# [Task prompt]
Look below for the line with "The online labs"; begin the copy there and stop after the line with "Jan 27, 2021;", keeping the text exact and the pictures out.

# [Source information]

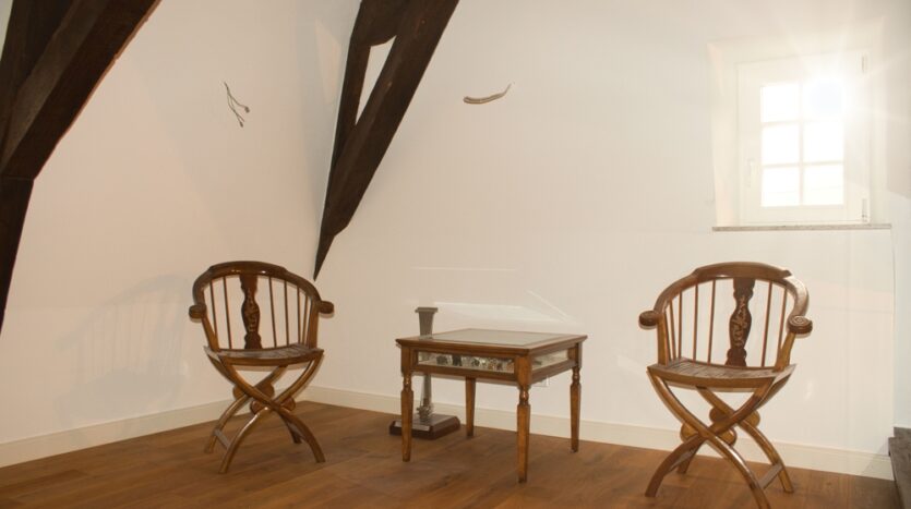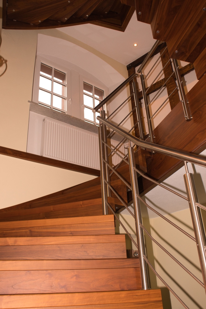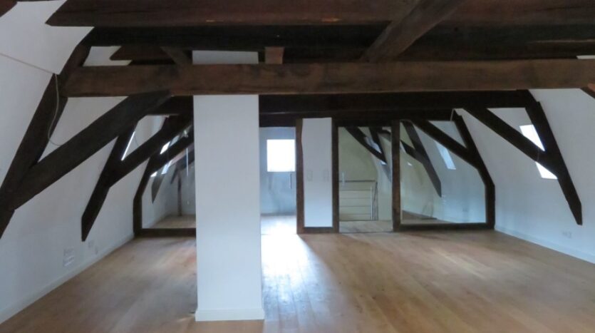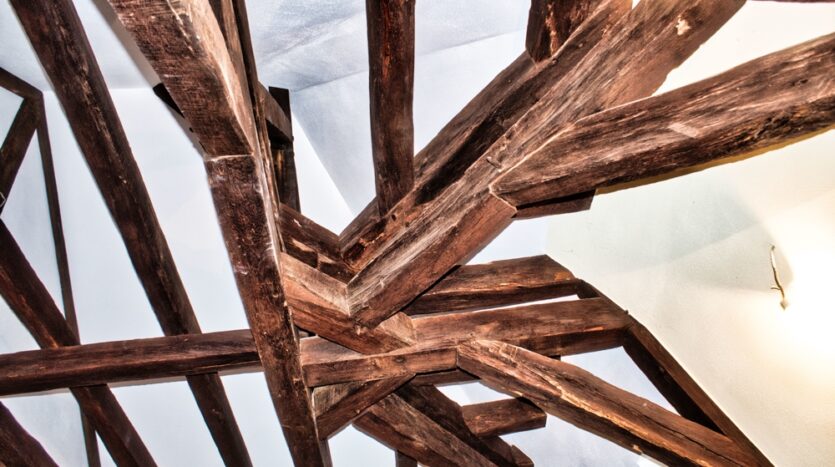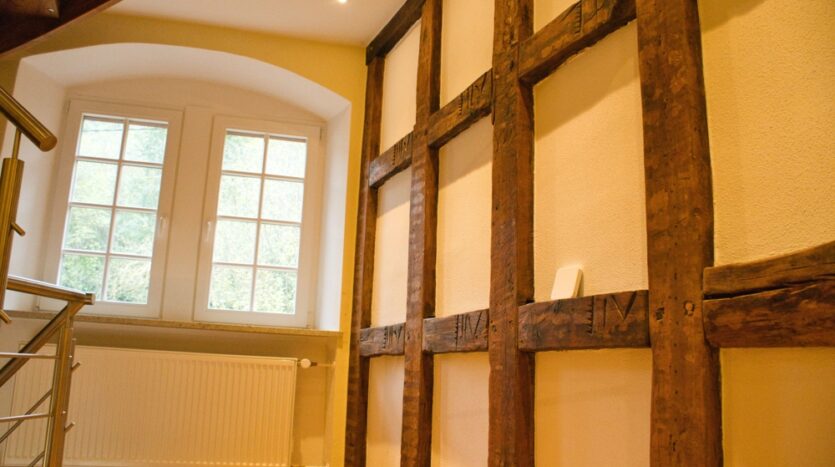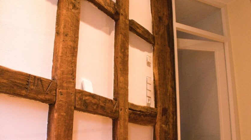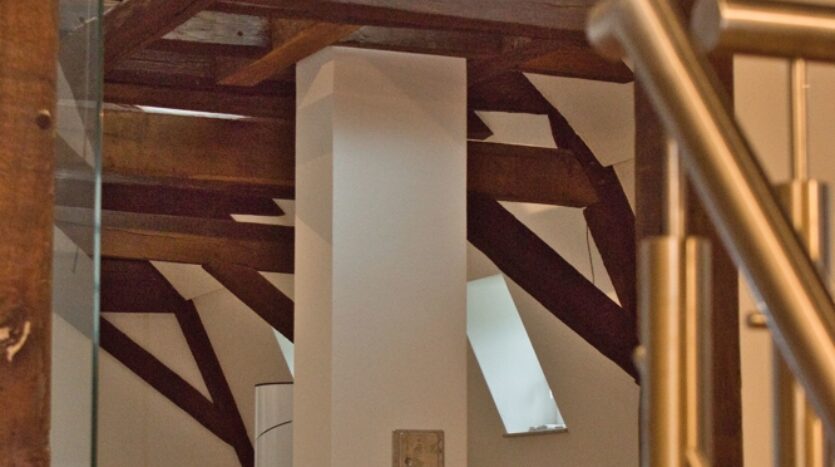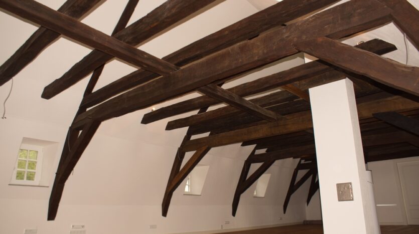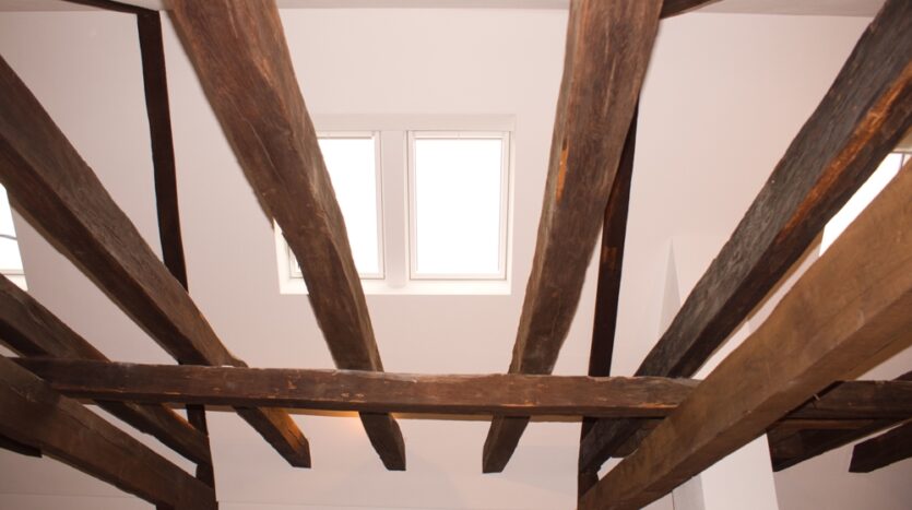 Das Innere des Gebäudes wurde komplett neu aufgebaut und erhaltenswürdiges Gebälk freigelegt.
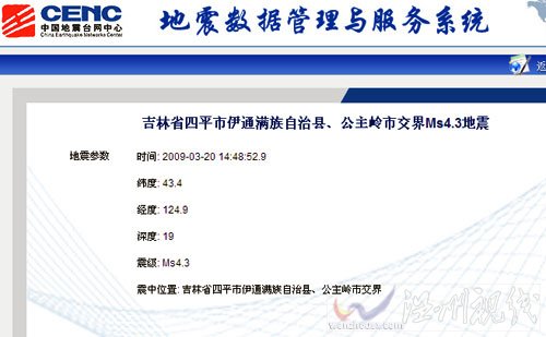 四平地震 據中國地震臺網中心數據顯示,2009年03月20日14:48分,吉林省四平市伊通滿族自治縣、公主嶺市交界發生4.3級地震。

--

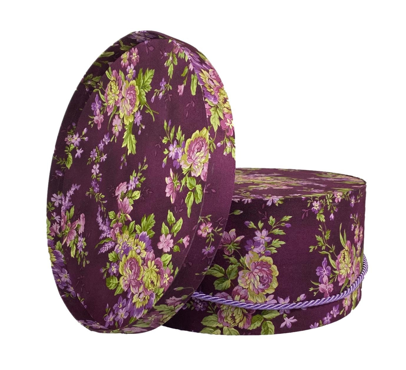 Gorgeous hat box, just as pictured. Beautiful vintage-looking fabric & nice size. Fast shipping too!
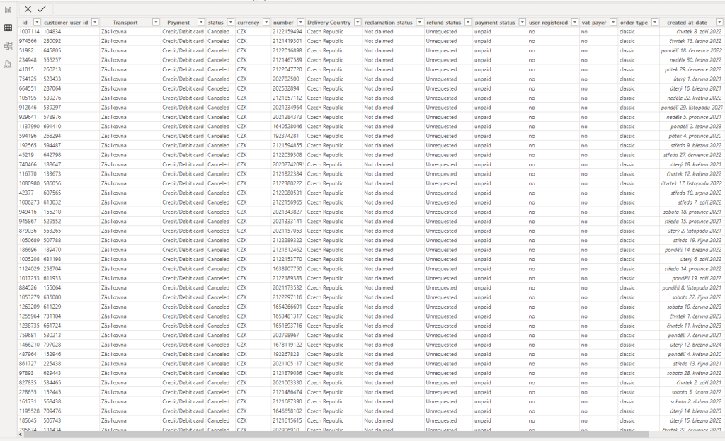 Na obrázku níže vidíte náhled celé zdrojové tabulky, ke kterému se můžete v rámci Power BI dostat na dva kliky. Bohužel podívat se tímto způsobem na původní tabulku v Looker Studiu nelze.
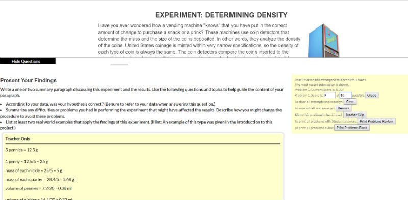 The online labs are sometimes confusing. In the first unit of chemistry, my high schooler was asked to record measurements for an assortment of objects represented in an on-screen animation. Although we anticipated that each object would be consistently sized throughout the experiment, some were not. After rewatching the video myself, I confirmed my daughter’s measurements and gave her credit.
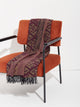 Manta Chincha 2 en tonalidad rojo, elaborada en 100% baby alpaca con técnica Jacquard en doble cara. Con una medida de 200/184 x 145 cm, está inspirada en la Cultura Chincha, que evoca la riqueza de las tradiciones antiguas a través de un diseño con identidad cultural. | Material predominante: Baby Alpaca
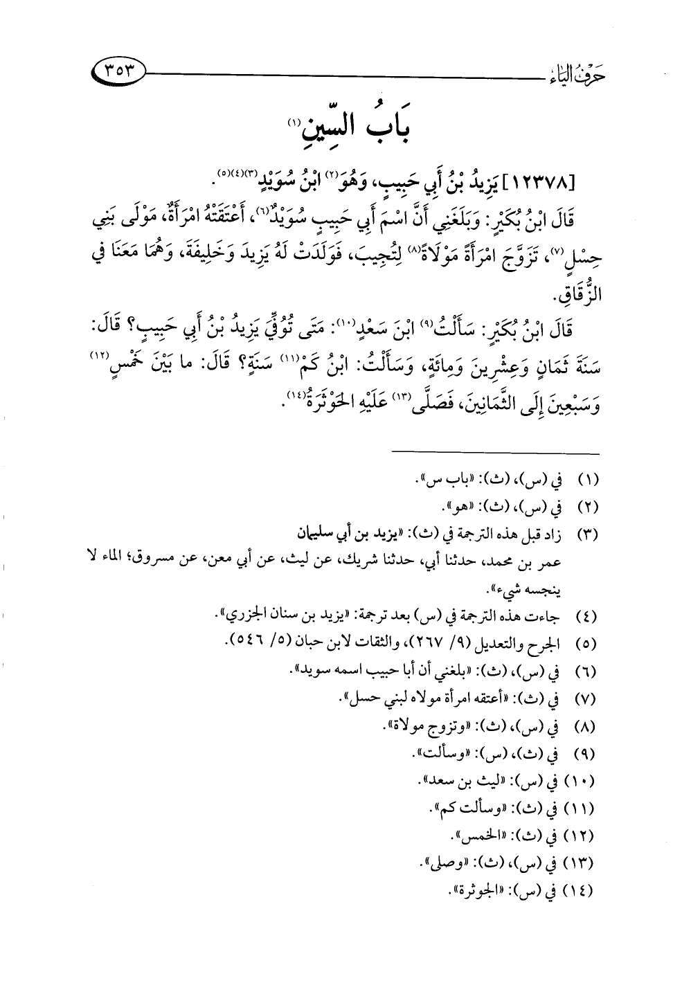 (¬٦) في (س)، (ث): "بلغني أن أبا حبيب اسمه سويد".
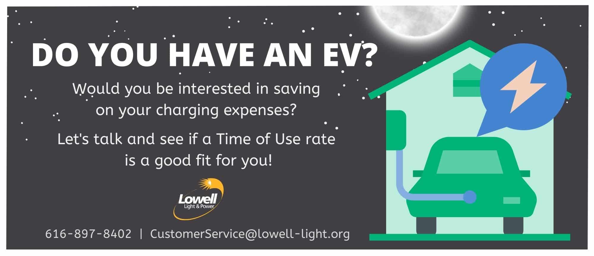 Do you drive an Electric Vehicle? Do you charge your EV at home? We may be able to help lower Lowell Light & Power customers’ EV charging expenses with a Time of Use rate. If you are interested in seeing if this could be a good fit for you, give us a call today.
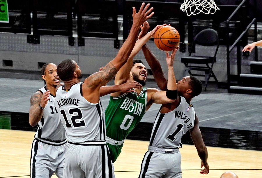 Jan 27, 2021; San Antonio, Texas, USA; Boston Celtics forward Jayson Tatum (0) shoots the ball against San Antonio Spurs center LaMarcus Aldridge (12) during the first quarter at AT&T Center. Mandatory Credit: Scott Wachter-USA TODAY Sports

# [Your solution]
 The online labs are sometimes confusing. In the first unit of chemistry, my high schooler was asked to record measurements for an assortment of objects represented in an on-screen animation. Although we anticipated that each object would be consistently sized throughout the experiment, some were not. After rewatching the video myself, I confirmed my daughter’s measurements and gave her credit.
 Manta Chincha 2 en tonalidad rojo, elaborada en 100% baby alpaca con técnica Jacquard en doble cara. Con una medida de 200/184 x 145 cm, está inspirada en la Cultura Chincha, que evoca la riqueza de las tradiciones antiguas a través de un diseño con identidad cultural. | Material predominante: Baby Alpaca
 (¬٦) في (س)، (ث): "بلغني أن أبا حبيب اسمه سويد".
 Do you drive an Electric Vehicle? Do you charge your EV at home? We may be able to help lower Lowell Light & Power customers’ EV charging expenses with a Time of Use rate. If you are interested in seeing if this could be a good fit for you, give us a call today.
 Jan 27, 2021; San Antonio, Texas, USA; Boston Celtics forward Jayson Tatum (0) shoots the ball against San Antonio Spurs center LaMarcus Aldridge (12) during the first quarter at AT&T Center. Mandatory Credit: Scott Wachter-USA TODAY Sports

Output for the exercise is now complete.